Approximately 65% of negative gearing claims are made by individuals in the top 20% of income earners, indicating that higher-income individuals benefit more from this tax strategy.
Investors can claim various tax-deductible expenses related to negatively geared properties, including loan interest, property management fees, repairs, and council rates, which help reduce their taxable income.
Positive profits from positive gearing are added to taxable income.
The shortfall in negative gearing must be covered by the investor out of pocket.
Positive gearing provides safe, passive income.
Negative gearing is common among investors aiming for significant long-term wealth through capital appreciation.
Negative gearing can be an effective strategy for investors looking to access potential long-term capital growth while managing tax deductions in the short term.
Approximately 80% of Australians using negative gearing do so for property investments, highlighting its popularity in the real estate market.
Investors often use negative gearing with the expectation that property values will increase over time, leading to significant capital gains upon sale.
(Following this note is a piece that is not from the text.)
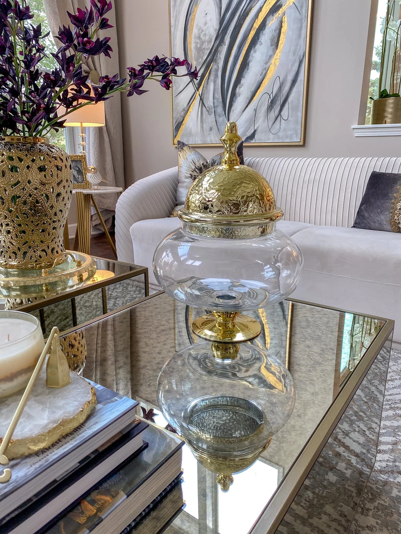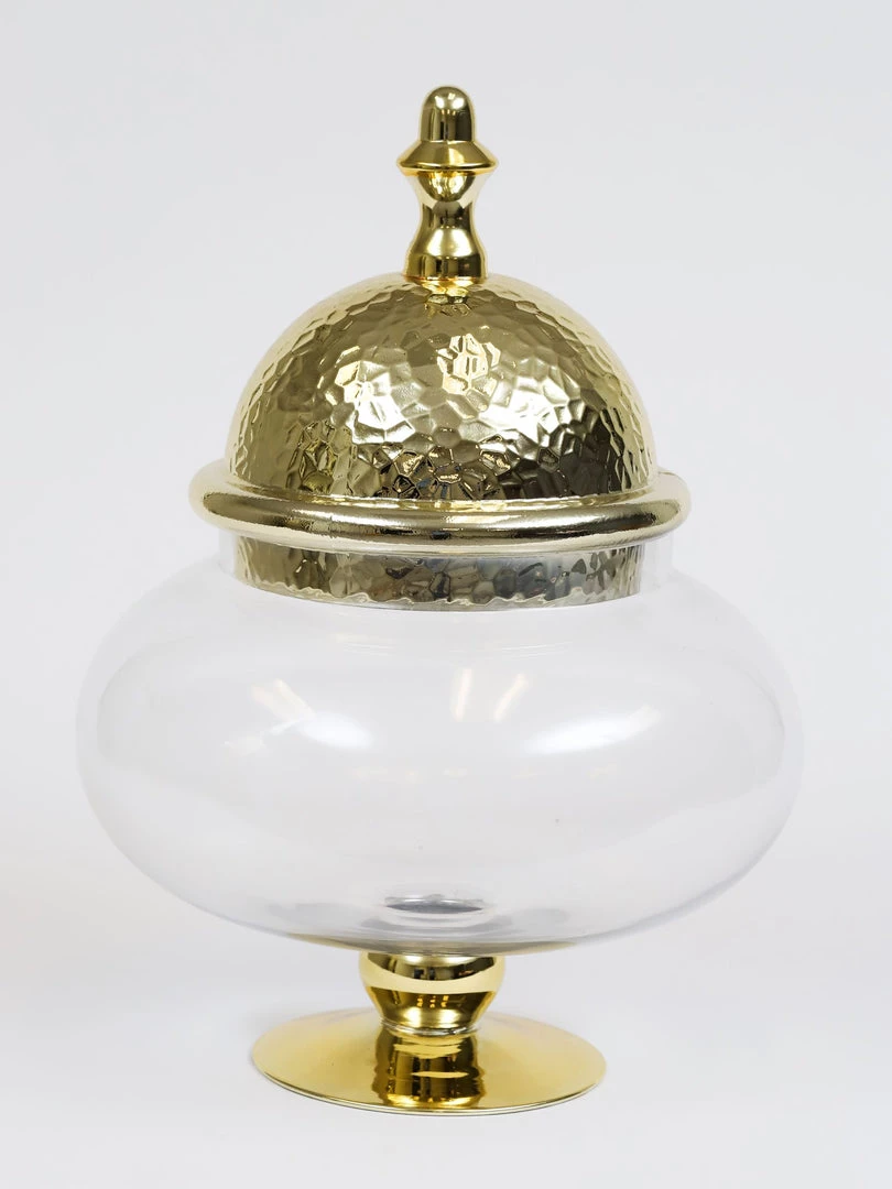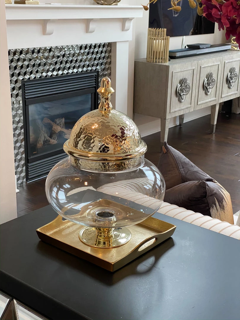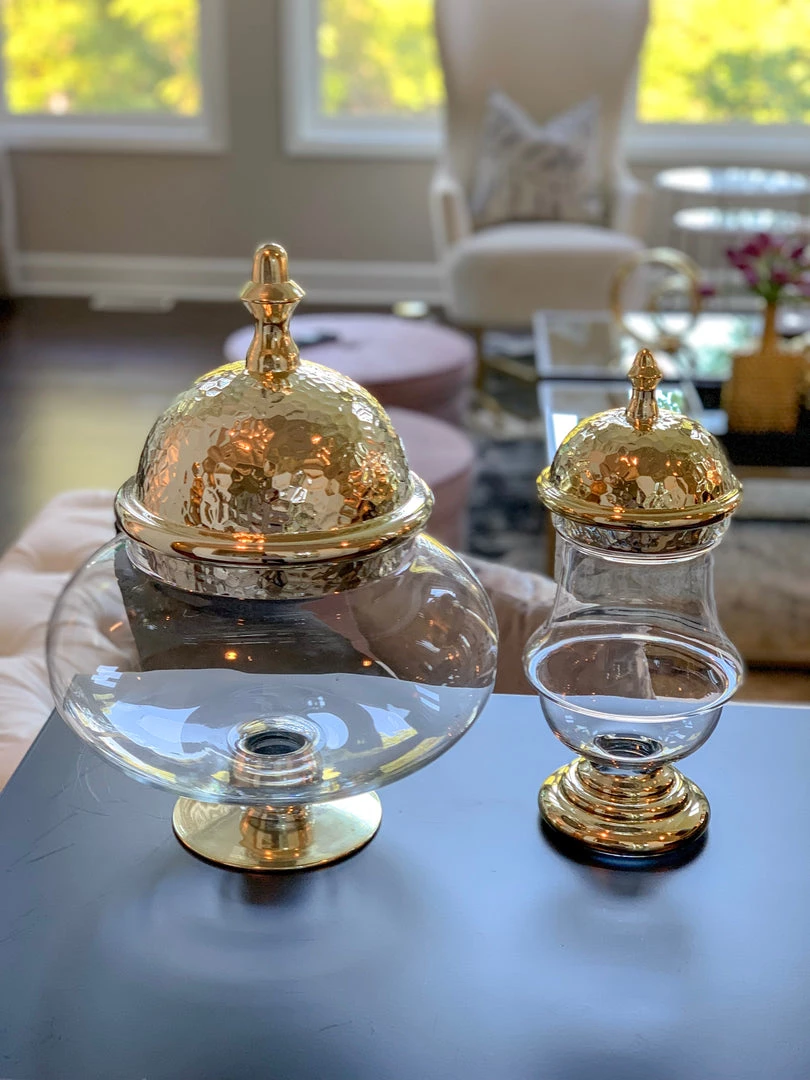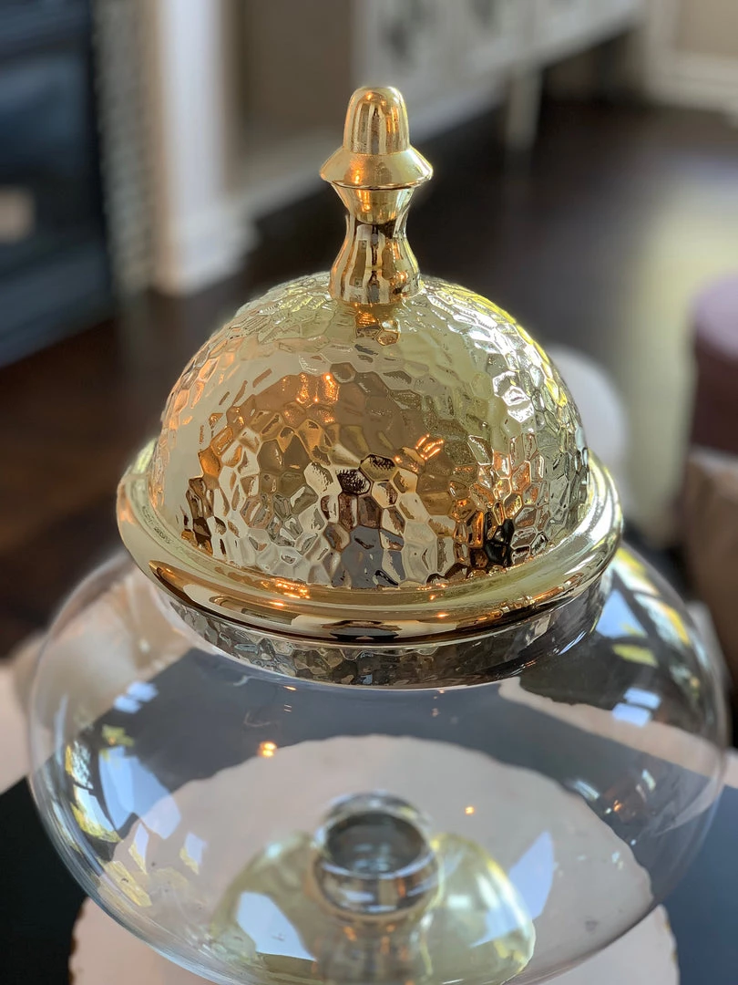 Pictured to the left is this beautiful over-sized Apothecary Jar with an elegant Gold Hammered Lid. Give your family room or any room the classic touch it’s desiring!Â

The average annual growth rate for Australian property has been around 7% per year over the past 30 years, making long-term capital gains a key factor in negative gearing strategies.
Track Your Real Portfolio with PropBoss
Stop guessing with calculators and spreadsheets. PropBoss automatically tracks your rental income, expenses, bank feeds, depreciation, and tax position across your entire portfolio.

Jonathan Zuvela
Founder, PropBoss
Jonathan is an Australian property investor and the founder of PropBoss — an AI-powered platform that helps investors automate their property admin, track rental income and expenses, and make data-driven investment decisions.